> [EXERCISE DETAILS]:
Print exactly, and only, the lines from the one containing "Discover serenity at" through the last line of the records below, both included; leave out the pictures.

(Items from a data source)
'''
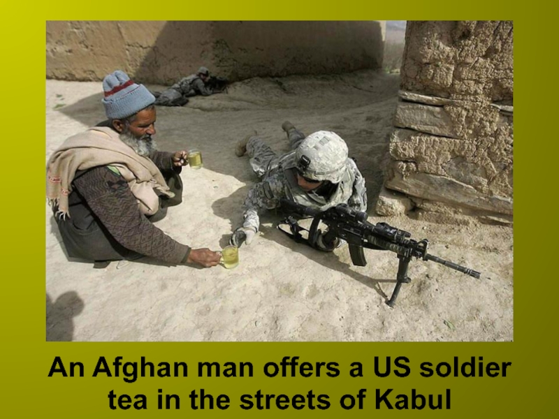 Слайд 12An Afghan man offers a US soldier
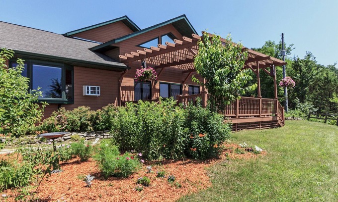 Discover serenity at Black Hawk Lodge, perched on a wooded ridge with breathtaking views. Ideal for nature enthusiasts, unwind under oak canopies with a book or explore the vineyard trail. Nearby Fountain City offers historic charm, quaint shops, and dining. Gather in the great room with a central fireplace, creating a warm and magical atmosphere. Cozy corners invite book snuggling, while deck bird feeders attract a rainbow of songbirds in this wild haven.
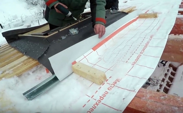 - Если наблюдаются излишки кровли, подрезаем её, оставив 5-10 мм.
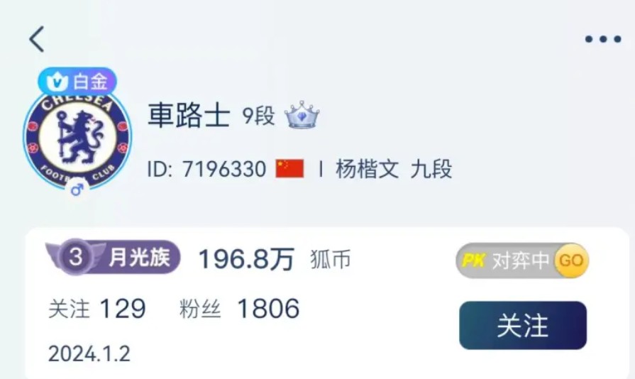 值得一提的是,杨楷文还是一名切尔西球迷,此前他在野狐的头像便是切尔西的队标。
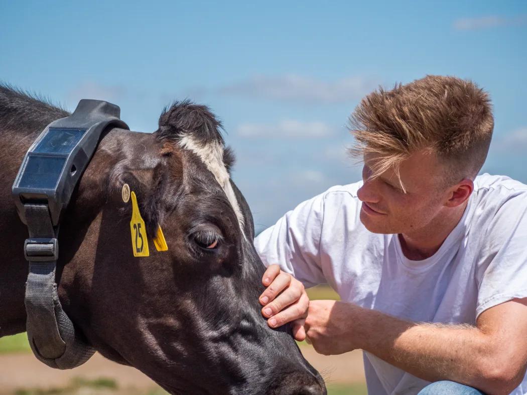 Halter研发的是一款太阳能驱动的GPS智能项圈,可佩戴于奶牛颈部。
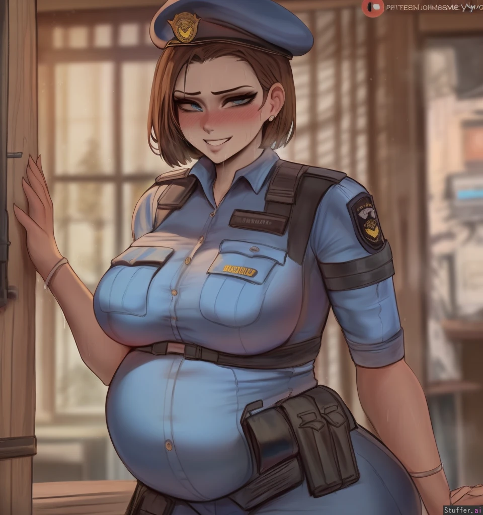 best quality, high rating, best quality, high rating,(Kittew\(artist\), shexyo\(artist\),ourobot\(artist\)0.5); **appearance** (Jill Valentine), Home, fully clothed, (button down police uniform), wearing a military beret, (light brown skin), Standing, nipple indents, Grinning, sweating, blushing, (hyper detailed realistic eyes:1.3), (solo), fat rolls, ((rotund)), love handles, ((big swollen belly pushing against shirt:1.3)),
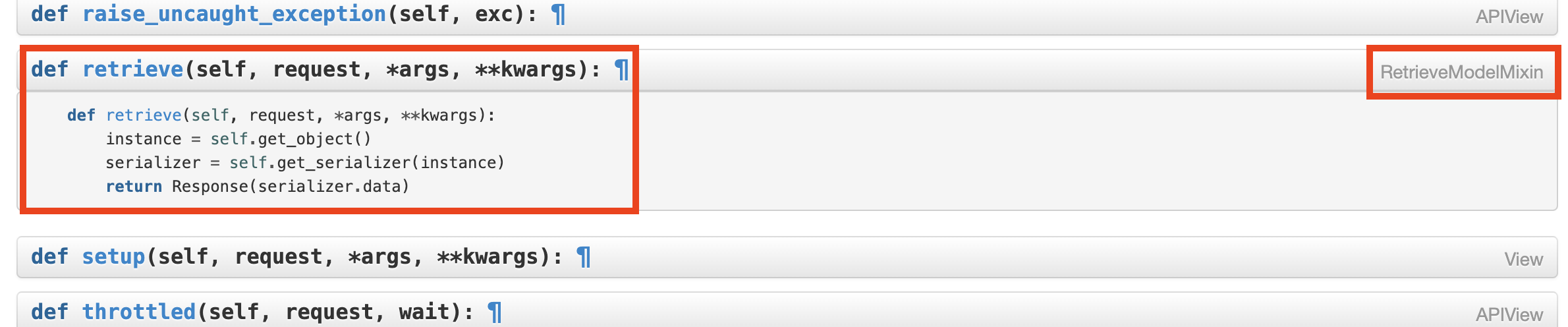 그러면 기존에 DRF의 RetrieveAPIView에 있던 retrive를 다음과 같이 오버라이드 해줘야 합니다.
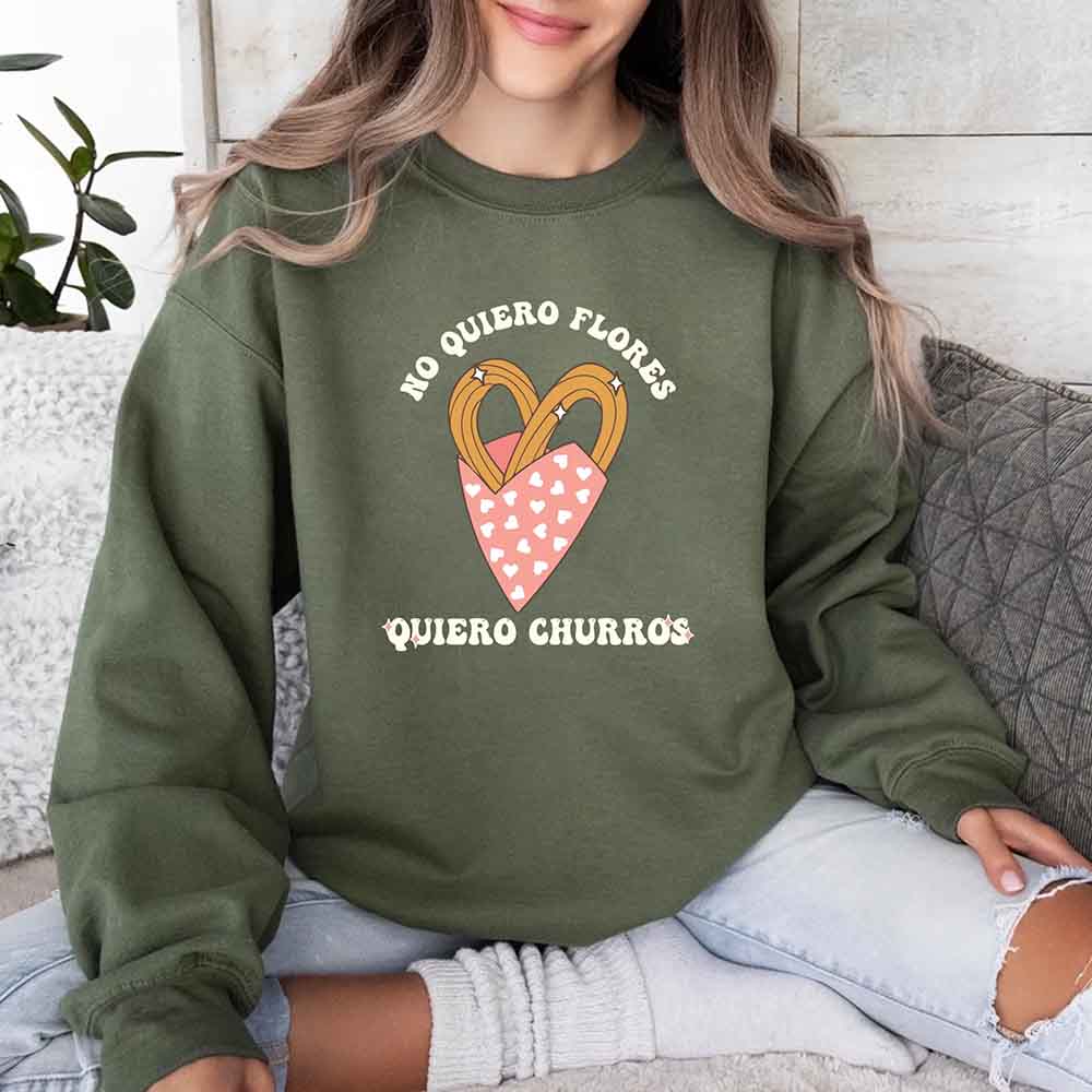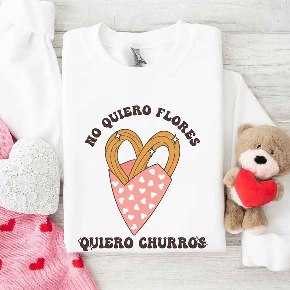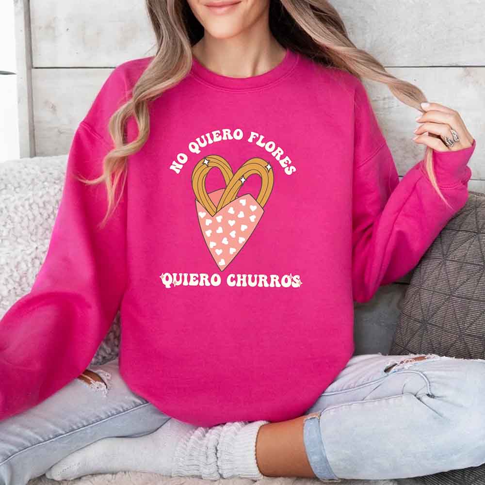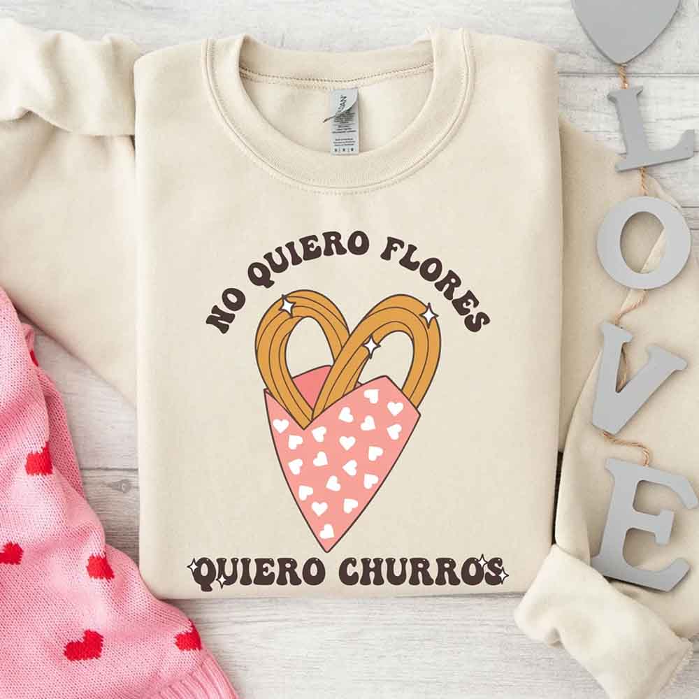 No Quiero Flores Valentine Sweatshirt - Cute Churros Valentine Day's Sweater
'''
> [REPLY TO THE EXERCISE]:
 Discover serenity at Black Hawk Lodge, perched on a wooded ridge with breathtaking views. Ideal for nature enthusiasts, unwind under oak canopies with a book or explore the vineyard trail. Nearby Fountain City offers historic charm, quaint shops, and dining. Gather in the great room with a central fireplace, creating a warm and magical atmosphere. Cozy corners invite book snuggling, while deck bird feeders attract a rainbow of songbirds in this wild haven.
 - Если наблюдаются излишки кровли, подрезаем её, оставив 5-10 мм.
 值得一提的是,杨楷文还是一名切尔西球迷,此前他在野狐的头像便是切尔西的队标。
 Halter研发的是一款太阳能驱动的GPS智能项圈,可佩戴于奶牛颈部。
 best quality, high rating, best quality, high rating,(Kittew\(artist\), shexyo\(artist\),ourobot\(artist\)0.5); **appearance** (Jill Valentine), Home, fully clothed, (button down police uniform), wearing a military beret, (light brown skin), Standing, nipple indents, Grinning, sweating, blushing, (hyper detailed realistic eyes:1.3), (solo), fat rolls, ((rotund)), love handles, ((big swollen belly pushing against shirt:1.3)),
 그러면 기존에 DRF의 RetrieveAPIView에 있던 retrive를 다음과 같이 오버라이드 해줘야 합니다.
 No Quiero Flores Valentine Sweatshirt - Cute Churros Valentine Day's Sweater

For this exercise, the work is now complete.